Full episodes seem to be available on line here.  Does not do justice to visuals, at least on my old system.

Ok, ok, I've found something interesting.

On the cable tv guide, National Geographic lists the show as "science, educational, informative".

The Fox channels lists it as "science-fiction, fantasy". So there ya go.

Figures...we,re doomed, i,m telling ya, we,re doomed...

i hope so, wouldn,t that b nice. i guess i,ve spent too much time in this little ol bible belt to have much hope tho.

Was gonna post a photo on here (think I saw it on failblog.org but now can't find it, sigh), at some religious function or other, this young woman is holding up a sign that says, "SCIENCE IS HARD, SO IT MUST BE WRONG!"  (See what I mean about doomed?)

thats the one, where did u find it, ptb?

Now! . . .  Just what is so hard about science? . . .  In grade school I had the most fun in science class. It got serious in college, but I still enjoyed it. :-)

http://blogs.redding.com/dcraig/archives/2013/09/science-is-hard.html

I just copy/pasted the content of the sign from your post into a Google image search. It came up as the first picture.

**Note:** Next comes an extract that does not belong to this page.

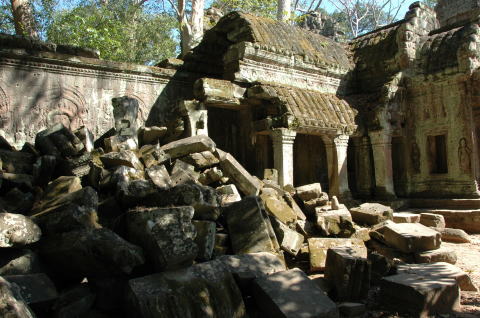 タ・プローム この寺院は修復の手をあまり加えずあれた状態のまま残してある |
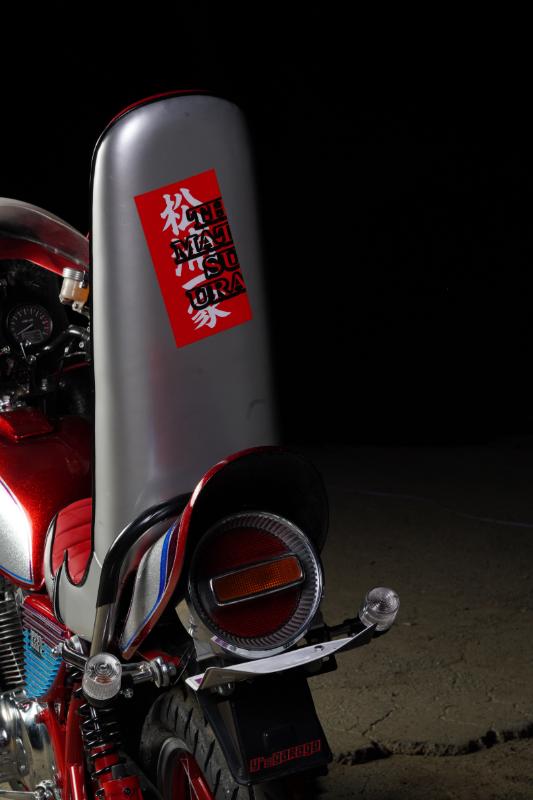 約60センチ延長の三段シートは座面が赤、側面と背面がシルバーというツートンカラー。銀ラメに合わせて使用したシルバーをシートに用いているのは珍しい。テールはZ2テールにチェリーテールを組み合わせてセットするという、ワルい仕様だ。

At risk of sounding outlandish, there is a sense in which the sign she is holding is correct.  Scientists are always searching for a concealed unity, or hidden symmetry that connects disparate phenomena.  The ultimate goal is a simple underlying truth from which all else can be derived. In this way they are trying to simplify our understanding of how things came to be the way they are, which is the real messiness. Just saying "God did it!" is avoidance of any attempt to understand. Scientists are often guided by the elusive property of elegance when they evaluate competing explanations.  Paul Dirac spoke of this as "beauty" but what is really being inferred is symmetry and simplicity.  Somebody, I think it was Steven Weinberg, once suggested that a final Theory of Everything ought to fit on a T-shirt. The sign only points out that we are not there yet.

If you view science as a method or a process, well yes it can be hard, but that is a good thing.  If you have a passion for it, you want nothing less than a challenge; if you don't, I guess I feel a bit sorry for for your limited outlook.  If you view science as a collection of facts and explanations, sometimes it is wrong, but it is self-correcting.  Perhaps the "hardness" is a measure of how far we still have to go to answer all of the questions, (if that is possible.)

By "cosmic coincidence", I ran into the following quote from Dr. Andrei Linde, a prominent physicist, just moments after I posted the above comment:

 "I always leave with this feeling of 'what if I'm tricked? What if I believe in this just because it is beautiful?'"

Dr. Linde was instrumental in developing what is known as inflation theory, an important step early in the evolution of the Universe.  Inflation successfully accounts for many of the properties of the universe today but direct conformation has been elusive.  He was responding to a report of the discovery of gravitational waves that might just turn out to be that evidence.